Как действует притча на нас? Если наше отношение определяется не тем, как она толкуется в проповедях и в учении, то мы не можем не сказать: старший брат прав. Видимо, у него по этому случаю прорывается старая обида. Младший был, возможно, одаренным, обаятельным человеком, который быстро завоевывал расположение людей. У него была фантазия и веселый нрав, с легким сердцем он и брал и давал. Трудовая жизнь в отцовском доме ему наскучила, и он отправился искать приключений. А у старшего был серьезный нрав. Может быть, он не умел как следует выражать свои мысли, и в нем было нечто неуклюжее, грубое, так что младший, любимец отца и всех окружающих, все время оттеснял его на задний план. Вместе с тем, все заботы ложились на него, и ему приходилось несладко. Отец, вероятно, никогда не задумывался над тем, что замкнутый старший, все время только работавший и заботившийся обо всем, тоже хотел радостей, поскольку он и не заикался о каких-либо просьбах, тогда как младший бездумно претендовал на все и растрачивал так же легко, как и получал. Как иначе понять горечь упрека, что отец ни разу не дал старшему хотя бы самое малое животное из стада, чтобы он мог угостить своих друзей? Когда затем его брат ушел с половиной наследства, в его сердце запали обида, горечь, презрение. А теперь бездельник возвращается, промотав все, и его принимают как князя! Нет, старший брат прав в своих упреках! И возражение отца явно не произведет на него большого впечатления.

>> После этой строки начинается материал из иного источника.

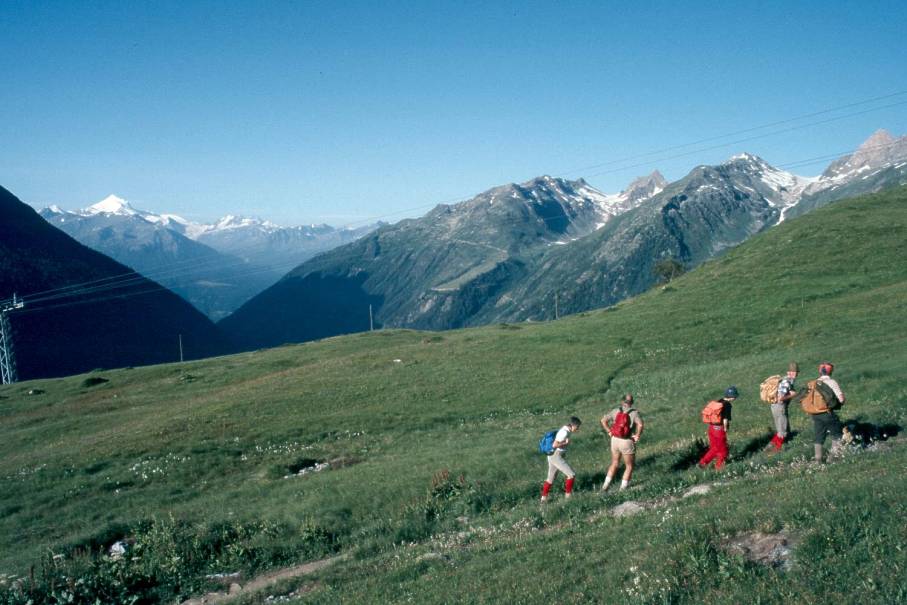 Der Lötschenpass (CH) Übergang vom Berner Oberland/Kandertal in das Wallis/Lötschen-, Rhonetal. Eine herrliche ausgedehnte Wanderung vorbei am immer lockenden Bergen, dem Balmhorn und dem herrlichen Bietschhorn. Heute: Hier Start auf der Lauchernalp über dem Lötschental.
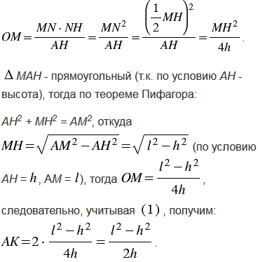 , биссектриса АN. Точка N середина отрезка МН. Найдите расстояние от вершины А до точки пересечения высот треугольника АВС.

А если бы отец с ним согласился? Если бы сказал вернувшемуся: «Ступай своей дорогой! Ты получил то, чего хотел!»? Тогда справедливость была бы восстановлена. Уязвленное чувство брата было бы удовлетворено.. . В самом деле? Полностью? Нет, конечно, если он хороший человек. Из чувства, что теперь все в порядке, родился бы упрек. Он пытался бы заглушить этот голос и все же не мог бы от него отделаться. Образ брата стоял бы у него перед глазами, и он чувствовал бы, что упустил святую возможность.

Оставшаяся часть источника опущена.